» Your goal
Only the lines from the one with "Te presentamos nuestro" through the end of the material are wanted, copied exactly and with the pictures left out.

» Data to process

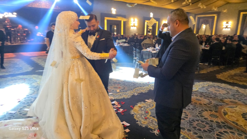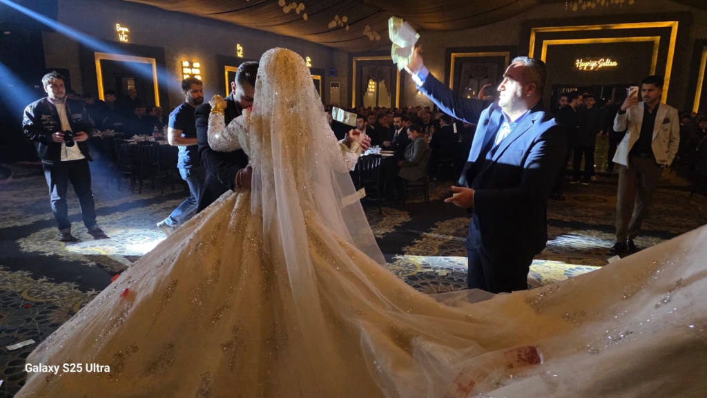 Düğün boyunca birlik, beraberlik ve coşku hâkim olurken, yöresel geleneklerin de yaşatıldığı gecede renkli görüntüler ortaya çıktı.Genç çiftin piste çıkmasıyla birlikte davetliler adeta birbirleriyle yarışarak Türk banknotları attı.
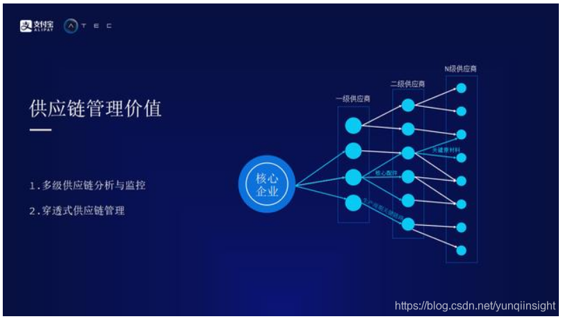 2.通过区块链的方式,企业与供应商间可以建立密切的协作关系。蚂蚁金服的区块链技术可以做到对供应链进行多级分析并进行穿透式的管理,对于很多对供应链管控要求严格的行业是一个很大的助力。通过区块链技术可以在企业与供应商间更快更好地建立良性的协作与管理关系。
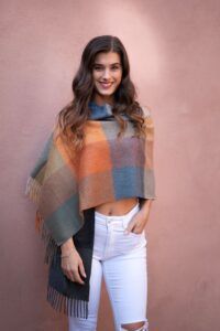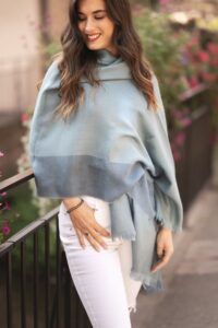 Te presentamos nuestro Chal peruano de Baby Alpaca y Seda multicolor, con predominio del color turquesa, el accesorio perfecto para mantenerte abrigada todo el año.
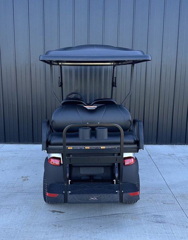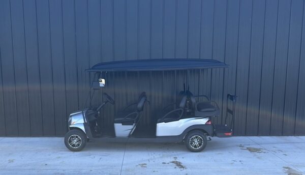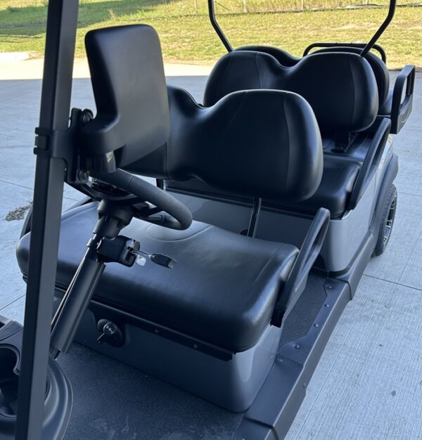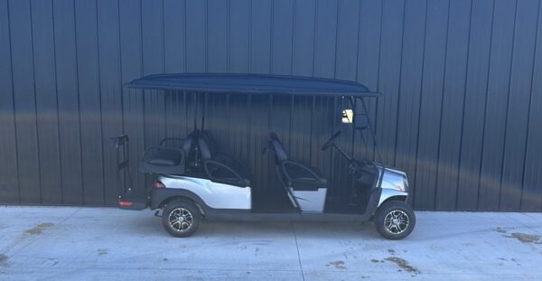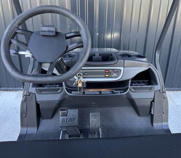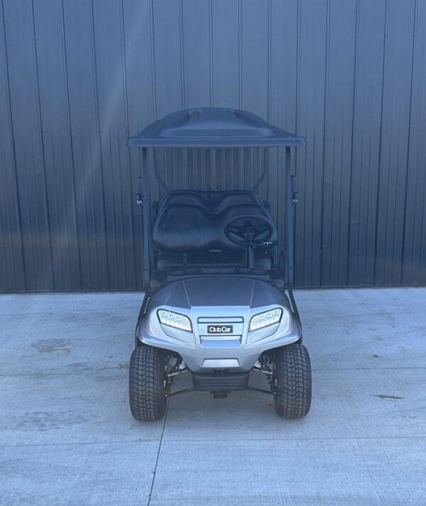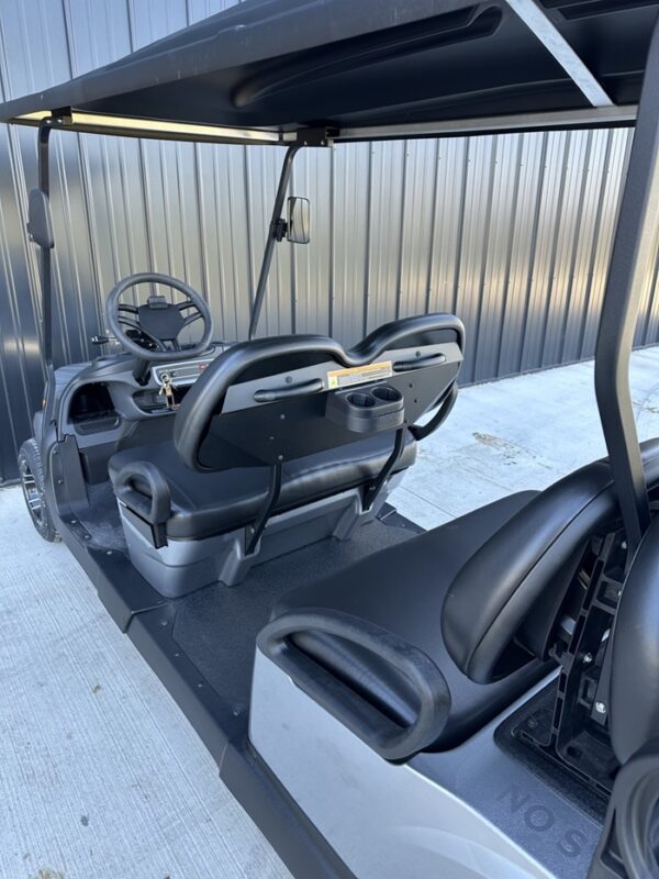 This cart is in the color Metallic Signature Silver with Standard Black Seats and 10 Inch Mercury Rims! This cart also includes headlights, taillights, blinker, horn, fuel gauge, hour meter, USB port, mirrors, cup holders, under seat storage, cell phone holder, and wireless charging pads!
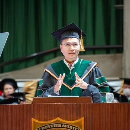 栗本博行学長の式辞では「名商大とは何か」「MBA教育」「幸せのあり方」の3つのテーマについて述べられ、1953年開学以来一貫して実学教育を提供し、ケースメソッド教育や海外提携校、リーダー教育と、常に開拓者精神を追求し社会に貢献する使命を実現してきた本学では、正しい「答え」ではなく正しい「問い」を導くこと、正解を選択する方法ではなく選択を正解にする姿勢が大切であると語られました。

» The answer
 Te presentamos nuestro Chal peruano de Baby Alpaca y Seda multicolor, con predominio del color turquesa, el accesorio perfecto para mantenerte abrigada todo el año.
 This cart is in the color Metallic Signature Silver with Standard Black Seats and 10 Inch Mercury Rims! This cart also includes headlights, taillights, blinker, horn, fuel gauge, hour meter, USB port, mirrors, cup holders, under seat storage, cell phone holder, and wireless charging pads!
 栗本博行学長の式辞では「名商大とは何か」「MBA教育」「幸せのあり方」の3つのテーマについて述べられ、1953年開学以来一貫して実学教育を提供し、ケースメソッド教育や海外提携校、リーダー教育と、常に開拓者精神を追求し社会に貢献する使命を実現してきた本学では、正しい「答え」ではなく正しい「問い」を導くこと、正解を選択する方法ではなく選択を正解にする姿勢が大切であると語られました。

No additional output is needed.